A European wind turbine giant, Nordex, has recently suffered from a ransomware attack claimed by the notorious gang Conti. The attack had caused the firm to shut down its IT systems and remote access to its managed wind turbines.
The attack transpired on April 2, 2022, when the wind turbine manufacturing firm immediately detected the malicious activity on its servers and was forced to take down its systems to prevent the attack from intensifying.
Based on a press statement of Nordex, the wind turbine firm has noticed the network intrusion attempt in an early stage, thus responding instantly with management protocols to mitigate the situation. All IT systems across many of their locations and business units were taken offline.
Security researchers have tried to communicate with the firm but have not received any statement as they were probing the issue.
Despite being unresponsive to the security researchers, Nordex released their statement and explained that they had shut down the firm’s remote access to the managed wind turbines to secure their clients’ assets.
The firm’s investigation revealed that the attack had not affected the customers’ assets and was restricted to their internal systems.
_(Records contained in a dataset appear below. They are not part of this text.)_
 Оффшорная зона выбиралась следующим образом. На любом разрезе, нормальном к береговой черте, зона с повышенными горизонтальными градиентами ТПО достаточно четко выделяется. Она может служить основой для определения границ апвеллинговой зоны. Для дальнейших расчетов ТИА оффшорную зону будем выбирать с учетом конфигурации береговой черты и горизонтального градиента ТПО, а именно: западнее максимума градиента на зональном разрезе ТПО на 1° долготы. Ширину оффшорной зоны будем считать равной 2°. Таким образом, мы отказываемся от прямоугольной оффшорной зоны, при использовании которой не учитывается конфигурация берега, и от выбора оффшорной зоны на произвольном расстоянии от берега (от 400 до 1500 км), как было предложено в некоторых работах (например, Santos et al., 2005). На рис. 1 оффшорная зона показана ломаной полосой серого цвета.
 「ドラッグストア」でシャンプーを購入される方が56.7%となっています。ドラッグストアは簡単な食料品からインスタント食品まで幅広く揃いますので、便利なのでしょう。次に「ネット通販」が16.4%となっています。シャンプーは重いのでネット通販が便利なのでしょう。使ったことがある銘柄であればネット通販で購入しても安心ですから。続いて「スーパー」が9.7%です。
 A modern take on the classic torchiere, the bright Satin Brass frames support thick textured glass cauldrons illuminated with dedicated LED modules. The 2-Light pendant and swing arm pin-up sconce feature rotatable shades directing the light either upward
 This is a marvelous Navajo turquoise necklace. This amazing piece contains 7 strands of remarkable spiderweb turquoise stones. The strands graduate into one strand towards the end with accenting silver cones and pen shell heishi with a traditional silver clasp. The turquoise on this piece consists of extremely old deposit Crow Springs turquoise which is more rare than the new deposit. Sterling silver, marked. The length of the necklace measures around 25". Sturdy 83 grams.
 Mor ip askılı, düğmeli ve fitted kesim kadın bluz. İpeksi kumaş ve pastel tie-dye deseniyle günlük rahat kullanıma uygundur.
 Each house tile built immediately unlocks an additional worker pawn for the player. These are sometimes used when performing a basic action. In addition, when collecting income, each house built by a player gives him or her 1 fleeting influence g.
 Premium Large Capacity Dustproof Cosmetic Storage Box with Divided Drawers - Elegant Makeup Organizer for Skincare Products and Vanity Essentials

They have also teamed up with relevant security agencies alongside their emergency response team and external IT experts to conduct in-depth investigations and forensic analyses.
Furthermore, the wind turbine firm clarified that there was no sign that the ransomware attack had spread to any of their third-party assets or any part beyond their internal IT infrastructure.
A few days after detecting the attack against Nordex, the Conti ransomware gang had claimed to be the suspect behind it. There was no data breach that security experts have found regarding the incident, hence their conclusion that the firm has been communicating with the threat actors or that there was no sensitive data stolen in the attack that could be compromised.
The Conti threat group has been notorious in the cybercrime scene for many years, after its historical attacks against many organisations worldwide. They are also best known for using dangerous malware variants, such as Ryuk, BazarLoader, and TrickBot.